[DATA FOR THIS TASK Boundary: Start]
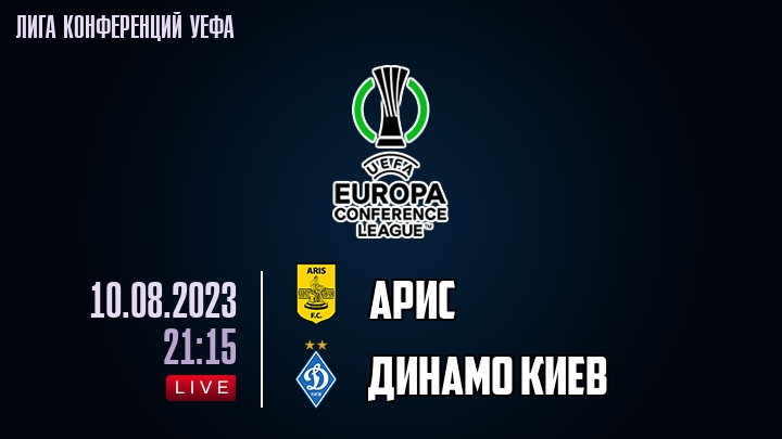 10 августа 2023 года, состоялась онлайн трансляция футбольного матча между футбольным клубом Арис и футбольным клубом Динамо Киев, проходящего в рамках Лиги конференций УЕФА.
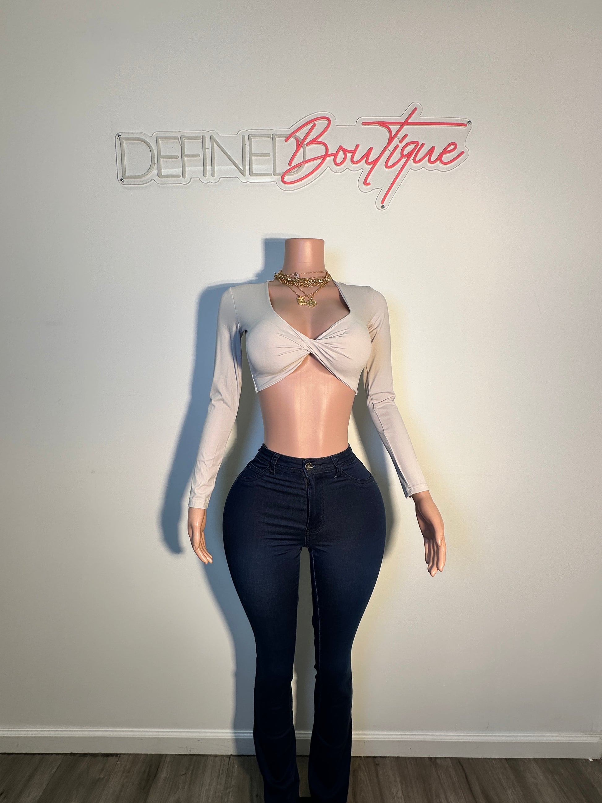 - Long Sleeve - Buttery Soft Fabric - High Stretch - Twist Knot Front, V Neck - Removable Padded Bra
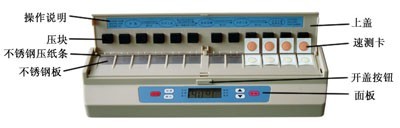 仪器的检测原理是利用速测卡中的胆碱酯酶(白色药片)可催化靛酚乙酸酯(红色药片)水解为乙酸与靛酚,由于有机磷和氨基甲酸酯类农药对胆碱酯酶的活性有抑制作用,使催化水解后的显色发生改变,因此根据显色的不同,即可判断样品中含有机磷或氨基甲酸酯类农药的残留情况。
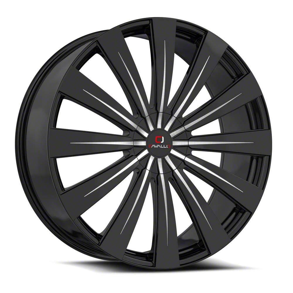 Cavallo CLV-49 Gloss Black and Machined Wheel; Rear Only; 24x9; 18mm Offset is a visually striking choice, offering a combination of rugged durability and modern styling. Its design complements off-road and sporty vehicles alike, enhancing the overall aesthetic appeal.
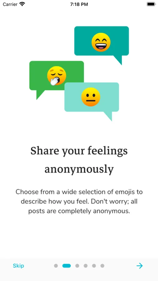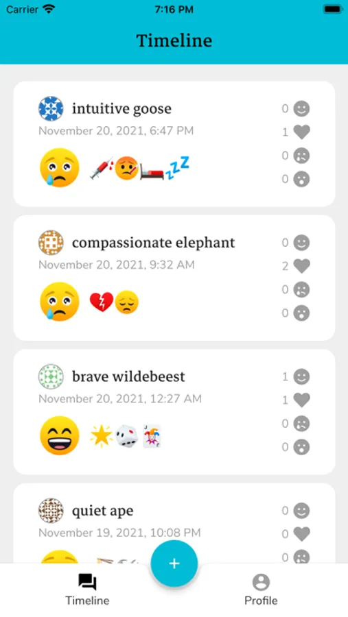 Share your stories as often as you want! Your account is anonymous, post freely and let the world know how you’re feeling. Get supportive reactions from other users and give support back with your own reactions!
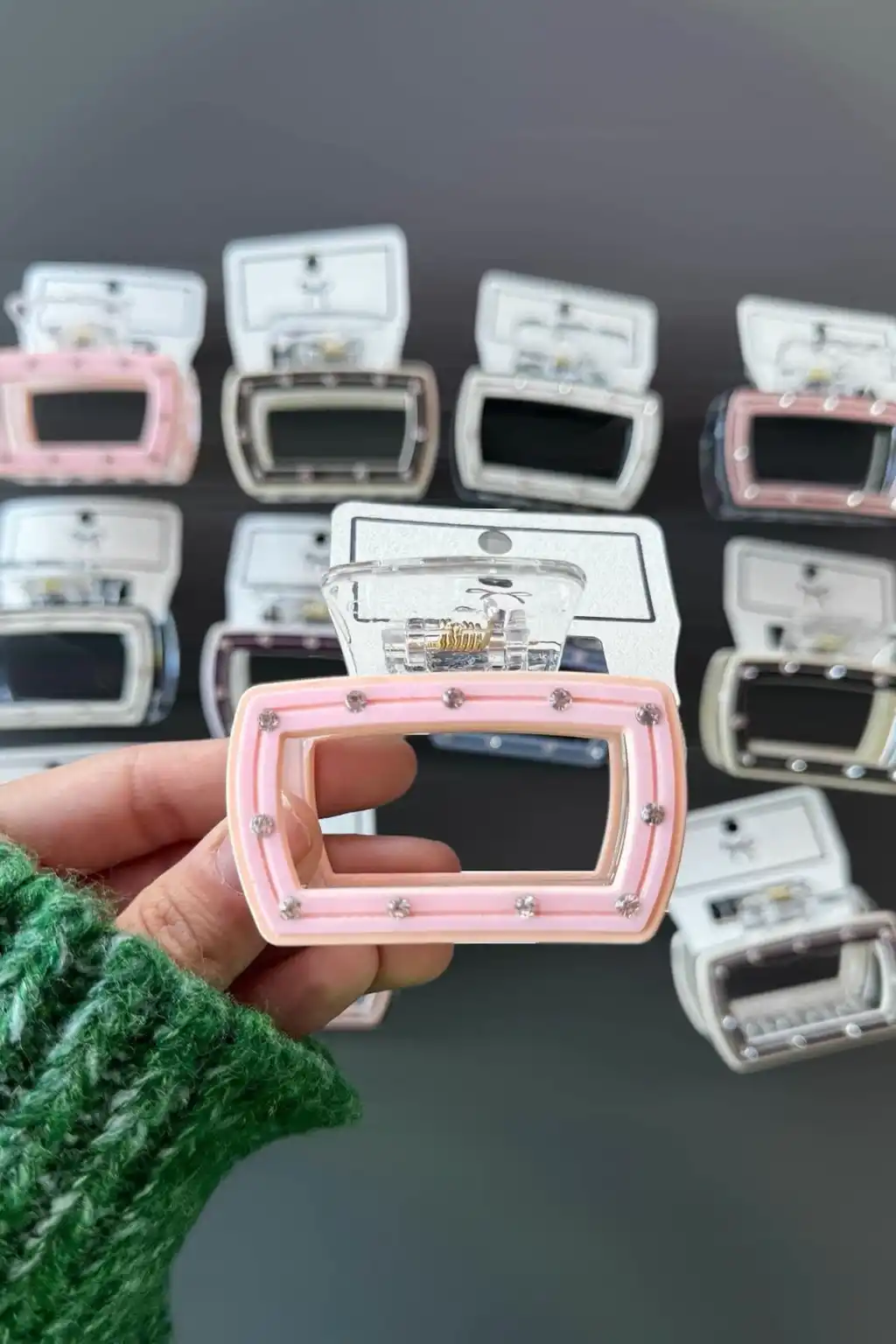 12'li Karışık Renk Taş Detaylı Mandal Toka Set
[DATA FOR THIS TASK Boundary: End]
[DATA FOR THIS TASK Boundary: Start]
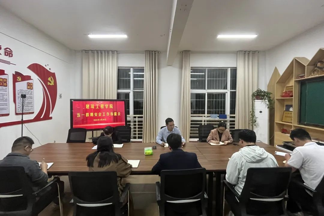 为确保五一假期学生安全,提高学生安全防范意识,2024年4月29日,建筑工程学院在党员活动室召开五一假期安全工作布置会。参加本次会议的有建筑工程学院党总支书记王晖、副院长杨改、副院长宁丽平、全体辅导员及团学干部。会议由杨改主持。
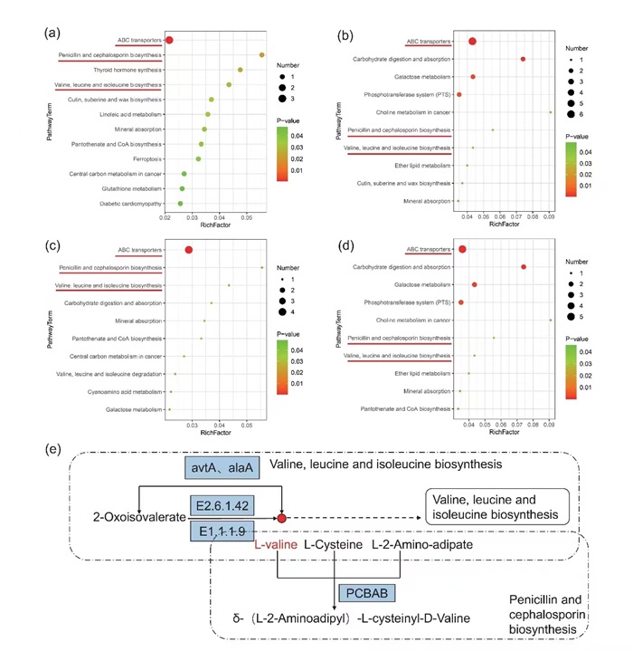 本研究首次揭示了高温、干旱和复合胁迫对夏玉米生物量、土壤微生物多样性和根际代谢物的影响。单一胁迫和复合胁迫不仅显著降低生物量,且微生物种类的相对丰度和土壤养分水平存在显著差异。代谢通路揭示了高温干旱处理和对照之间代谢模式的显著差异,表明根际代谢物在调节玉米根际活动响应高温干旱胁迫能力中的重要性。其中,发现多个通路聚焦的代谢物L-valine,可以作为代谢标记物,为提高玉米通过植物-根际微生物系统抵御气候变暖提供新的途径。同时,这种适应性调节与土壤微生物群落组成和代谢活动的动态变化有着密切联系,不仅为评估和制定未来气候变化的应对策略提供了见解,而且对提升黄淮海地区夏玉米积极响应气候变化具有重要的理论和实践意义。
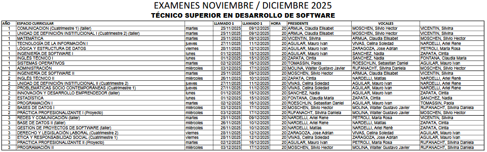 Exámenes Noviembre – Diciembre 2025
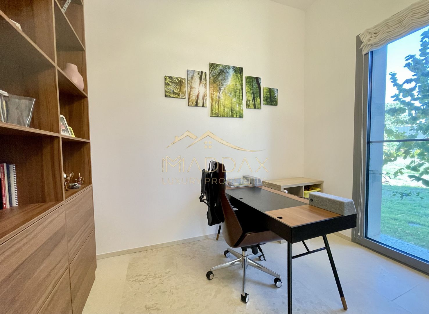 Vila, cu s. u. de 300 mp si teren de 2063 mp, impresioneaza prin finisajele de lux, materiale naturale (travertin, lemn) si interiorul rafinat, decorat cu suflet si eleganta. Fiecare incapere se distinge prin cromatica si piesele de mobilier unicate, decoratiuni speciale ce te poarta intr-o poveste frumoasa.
[DATA FOR THIS TASK Boundary: End]
[DATA FOR THIS TASK Boundary: Start]
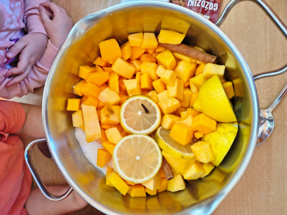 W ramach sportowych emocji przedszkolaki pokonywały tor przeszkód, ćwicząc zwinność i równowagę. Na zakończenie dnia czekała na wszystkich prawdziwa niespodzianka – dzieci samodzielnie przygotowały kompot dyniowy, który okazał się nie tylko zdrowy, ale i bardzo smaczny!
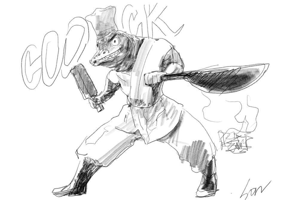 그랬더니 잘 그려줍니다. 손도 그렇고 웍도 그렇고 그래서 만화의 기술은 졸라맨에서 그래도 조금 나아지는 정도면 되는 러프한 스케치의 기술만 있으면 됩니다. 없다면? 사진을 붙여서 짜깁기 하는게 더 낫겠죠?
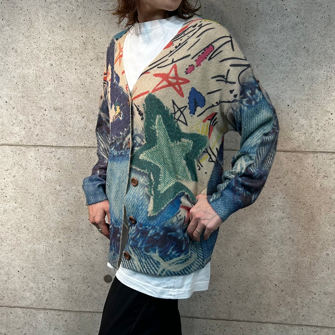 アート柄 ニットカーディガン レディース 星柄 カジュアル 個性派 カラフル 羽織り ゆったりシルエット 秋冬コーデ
[DATA FOR THIS TASK Boundary: End]
#### [PROBLEM STATEMENT]
Go back to the listing above and reproduce, exactly, the stretch from the line bearing "10 августа 2023" through the line bearing "仪器的检测原理是利用速测卡中", without its pictures.

#### [SOLUTION]
 10 августа 2023 года, состоялась онлайн трансляция футбольного матча между футбольным клубом Арис и футбольным клубом Динамо Киев, проходящего в рамках Лиги конференций УЕФА.
 - Long Sleeve - Buttery Soft Fabric - High Stretch - Twist Knot Front, V Neck - Removable Padded Bra
 仪器的检测原理是利用速测卡中的胆碱酯酶(白色药片)可催化靛酚乙酸酯(红色药片)水解为乙酸与靛酚,由于有机磷和氨基甲酸酯类农药对胆碱酯酶的活性有抑制作用,使催化水解后的显色发生改变,因此根据显色的不同,即可判断样品中含有机磷或氨基甲酸酯类农药的残留情况。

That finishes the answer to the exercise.